President Trump mostly talks about the Iran nuclear deal, from which he withdrew, about how bad it was because it was too weak, how his predecessor Barak Obama gave away too much in exchange for too little.
He's also regularly announced how eager he is to negotiate a bigger better bargain: Call me, he's said to the Iranians, even passing along his telephone number through an intermediary.
That is not the tone we get at the state department.
Mr Pompeo does talk about negotiations, but mostly he stresses maximum pressure: the oil and financial sanctions that are crippling Iran's economy.
It's night and day from the previous administration, when our reporting focused on the painstaking process to lift those sanctions by getting Iran to accept limits on its nuclear programme. At first it was news to see then Secretary of State John Kerry in earnest conversation with his Iranian counterpart Javed Zarif, until it became routine.
Mr Pompeo also stresses that the sanctions will remain until Iran meets 12 demands. These include renegotiating its nuclear accord, yes. But also things like scaling back its missile programme and rolling back its influence over regional militias.
The secretary of state calls this forcing Iran to change its behaviour, to behave like a "normal country".
At the same time he's admitted that he doesn't believe this regime can change in the way the US is demanding. He's said Iran doesn't have moderate leaders, dismissing the traditional distinction between the hardliners, and the pragmatists who negotiated the nuclear deal.
Someone commonly seen as a pragmatist, Mr Zarif, is now set to be sanctioned this week. It's a highly unusual move that escalates tension rather than creating diplomatic space for any talks.
America's allies and its lawmakers agree that Iran's behaviour in the region is disruptive and dangerous, and needs to be curbed. But critics say this 12-demand approach would essentially force Iran to transform its entire foreign policy, on issues seen as vital to its national security.
And that's just not going to happen.
One of the administration's goals is to deny Iran the revenue to carry out its "expansionist" foreign policy, Mr Pompeo's Iran envoy, Brian Hook, told a congressional committee last week.
But what's the end game? A new nuclear deal? Transforming the regime?
That's an urgent question on Capitol Hill, mostly for Democratic lawmakers but not only.
"The administration has a one-track plan, it is maximum pressure. It does not have a strategic plan to get Iran back to the negotiating table," Senator Bob Menendez told BBC News - he's the top Democrat in the Senate dealing with foreign relations.
"If all you do is create pressure and you don't have an escape valve, it blows."
There's fear that President Trump could blow things up without seeking authorisation from Congress for any new war, which he's supposed to do.
Mr Hook got a grilling on that.
"Under the constitution, Congress has the power to declare war, yes?" was the question posed again and again by Democratic Congressman Ted Lieu. "And it's not a trick question!" he added.
Mr Hook didn't answer it definitively and neither has Mr Pompeo.
There's the usual amount of political theatre around this issue, but also a sort of "Crazy".

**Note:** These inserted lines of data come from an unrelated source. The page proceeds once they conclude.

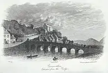 Geoffrey of Monmouth, writing in 1188, began the legend that Merlin was born in a cave outside Carmarthen.[21] The town's Welsh name, Caerfyrddin, is widely claimed to mean "Merlin's fort", but a reverse etymology is also suggested: the name Merlin may have originated from the town's name in the anglicised form of Myrddin.[22] (See Merlin § Name). An alternative explanation is that Myrddin is a corruption of the town's Roman name, Moridunum, meaning "sea fort."[23]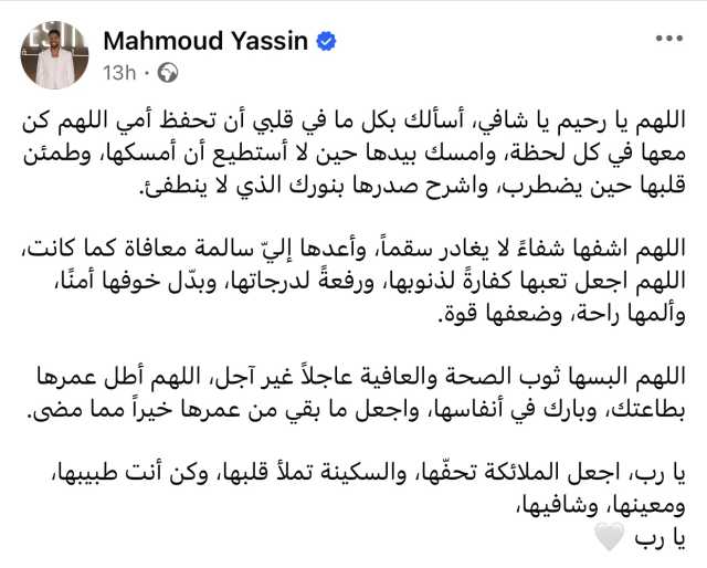 وكتب محمود ياسين على حسابه الشخصي على فيسبوك: "اللهم يا رحيم يا شافي، أسألك بكل ما في قلبي أن تحفظ أمي اللهم كن معها في كل لحظة، وامسك بيدها حين لا أستطيع أن أمسكها، وطمئن قلبها حين يضطرب، واشرح صدرها بنورك الذي لا ينطفئ.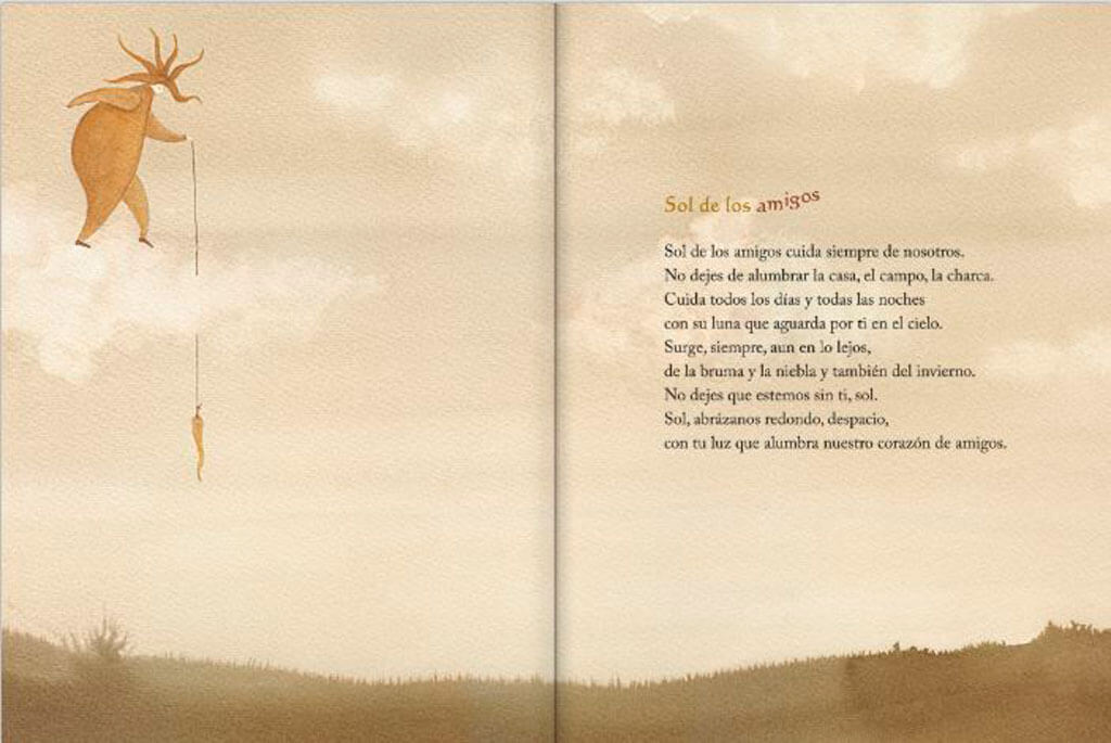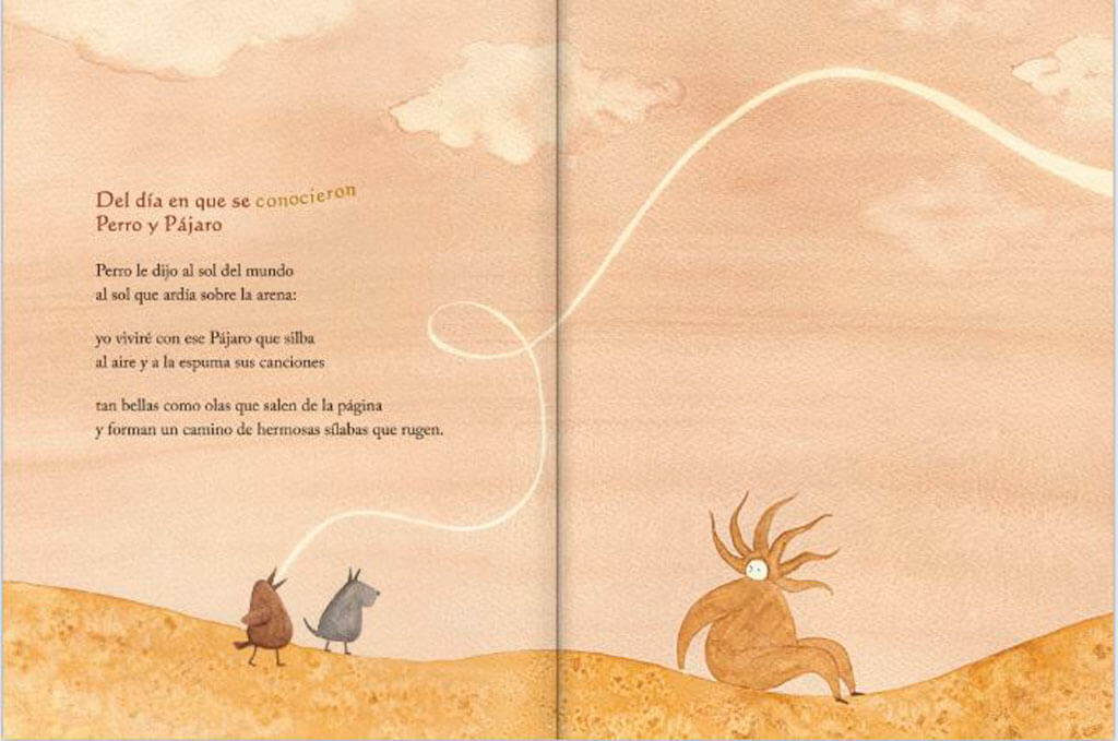 En este libro hay dos amigos: un perro y un pájaro que comparten muchas aventuras. Un día deciden hacer del mundo su casa, abren una ventana al cielo y todo cambia: el aire ruge, los árboles danzan, los caminos son ríos y un ladrido, el universo. Cada palabra es un juego y cada juego es un sitio para soñar que un amigo es la risa y el canto, el silencio y el mundo entero.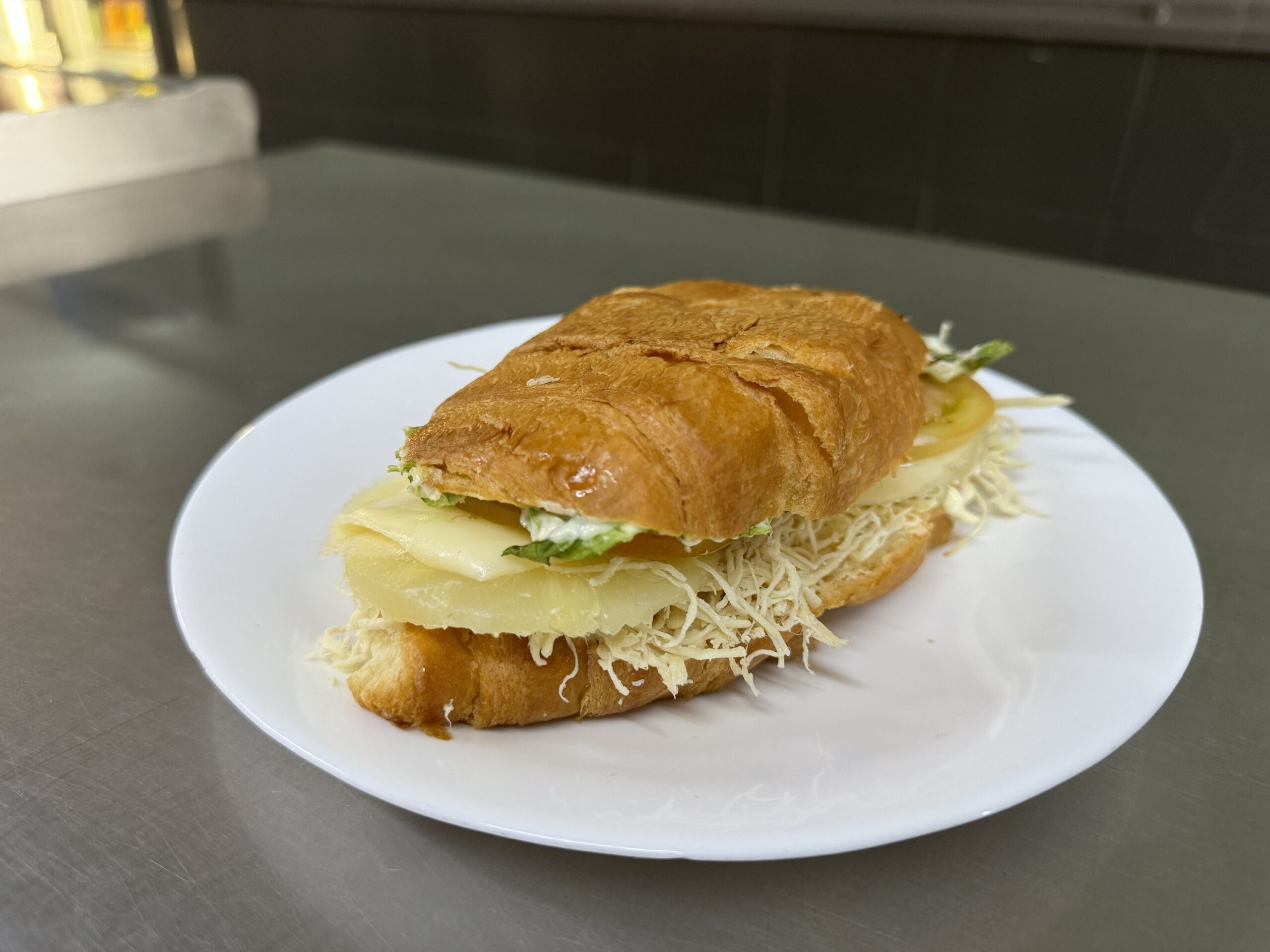 tomate, lechuga, alioli, piña, queso y huevo duro
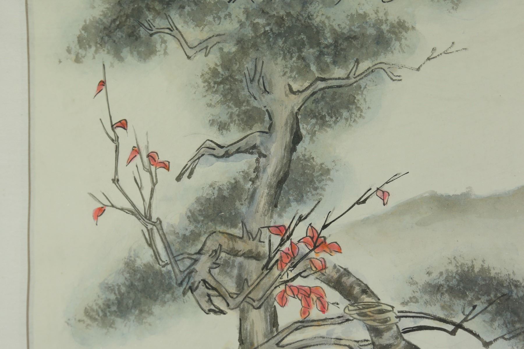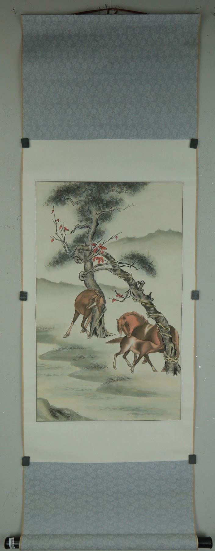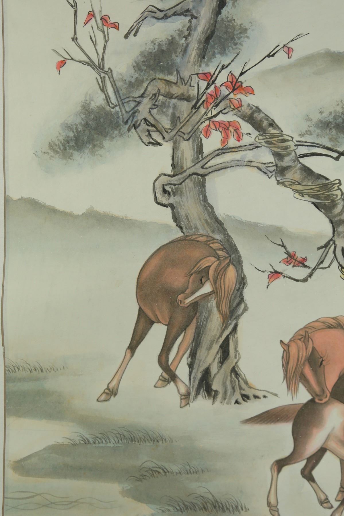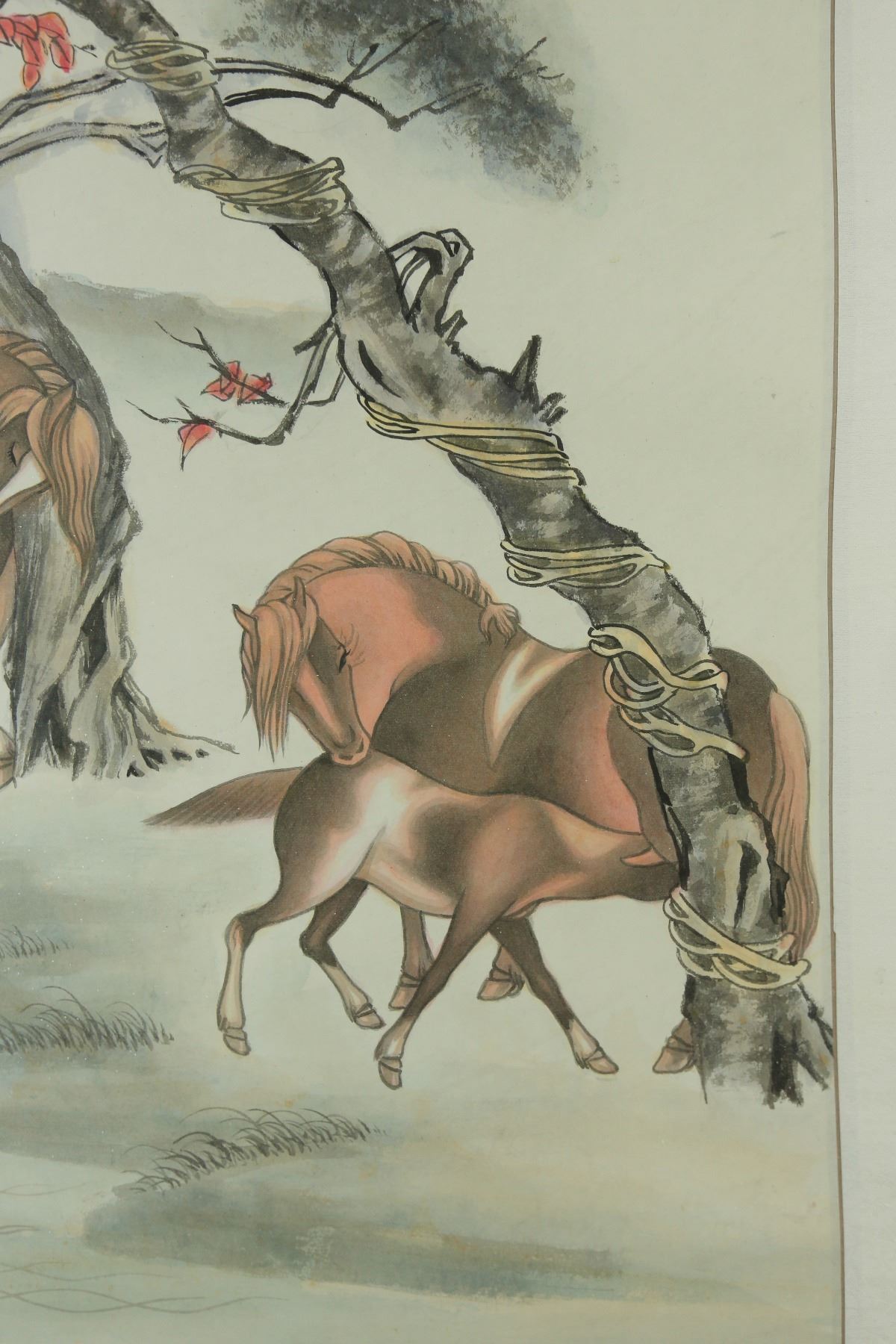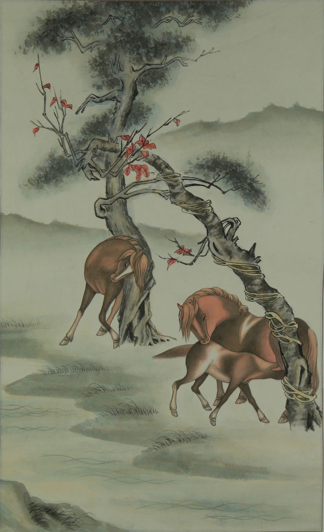 Horses beside trees; Chinese ink and watercolour on paper; hanging scroll; 66 cm x 39 cm

Americans use crazy as a noun: "The Crazy".
"The Crazy in Washington."
Will Mr Trump be able to make "The Crazy" work with Iran?
He likes to keep his adversaries off balance, but he can also change course when he senses opportunity. Remember the "fire and fury" threats that turned into a love affair with North Korea's Kim Jong-un.
But in this case his adversary has its back against the wall, and the message its hearing most loudly from the confusing noise out of Washington is regime change.
This administration has lurched its way through much of its foreign policy, and most of the officials who had a nuanced understanding of the world are gone.
Many in Washington now fear that the man who's often described as an accidental president may stumble into an accidental Middle East war.